Excluding pictures, what does the listing below contain from the line with "在今天的颁奖仪式上,洛杉矶圣" up to and including the line with "Múa sư tử mừng", word for word?

## RAW DATA:
· · · ·

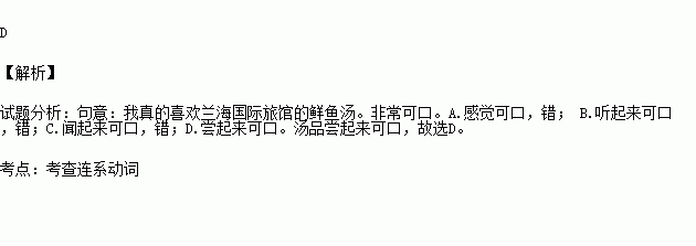 I really enjoy the fresh fish soup in Lanhai International Hotel. It ________ delicious.
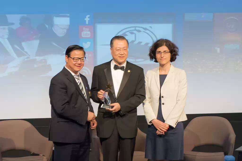 在今天的颁奖仪式上,洛杉矶圣盖博市廖市长受会议主席的委托,在会上热情介绍了卢台长几十年来秉承大乘佛教的慈悲众生、弘法利生的出世精神,爱国爱教,广度有缘的入世情怀,以他菩萨般的善心、善念、善行感化无数人学佛修心。廖市长激动地说,卢台长是华人的骄傲。会上还播放了卢台长在全球弘法的片断,恢宏的场面,真挚的感情,热情的微笑,感动着全场的听众。
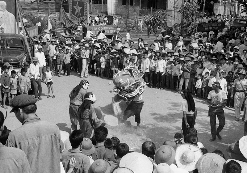 Múa sư tử mừng thắng lợi vĩ đại của dân tộc trên phố Nam
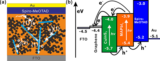 The authors reported a significant enhancement of the charge transfer efficiency and the overall device performance due to the application of graphene-CuInS2 quantum dots composite. A significant improvement in the power conversion efficiency up to 17.1 was also observed. Besides, the resulting solar cells exhibited higher air stability and reproducibility. The high performance could be attributed to the improvement in the electron injection and light harvests. The charge transfer time was approximately 9 ns, as per the time-resolved photoluminescence measurements, which favored a higher energy injection rate. Furthermore, it was noted that the alignment of the energy level of graphene and MAPbI3 matched that of the CuInS2 quantum dots.

· · · ·

## WRITTEN REPLY:
 在今天的颁奖仪式上,洛杉矶圣盖博市廖市长受会议主席的委托,在会上热情介绍了卢台长几十年来秉承大乘佛教的慈悲众生、弘法利生的出世精神,爱国爱教,广度有缘的入世情怀,以他菩萨般的善心、善念、善行感化无数人学佛修心。廖市长激动地说,卢台长是华人的骄傲。会上还播放了卢台长在全球弘法的片断,恢宏的场面,真挚的感情,热情的微笑,感动着全场的听众。
 Múa sư tử mừng thắng lợi vĩ đại của dân tộc trên phố Nam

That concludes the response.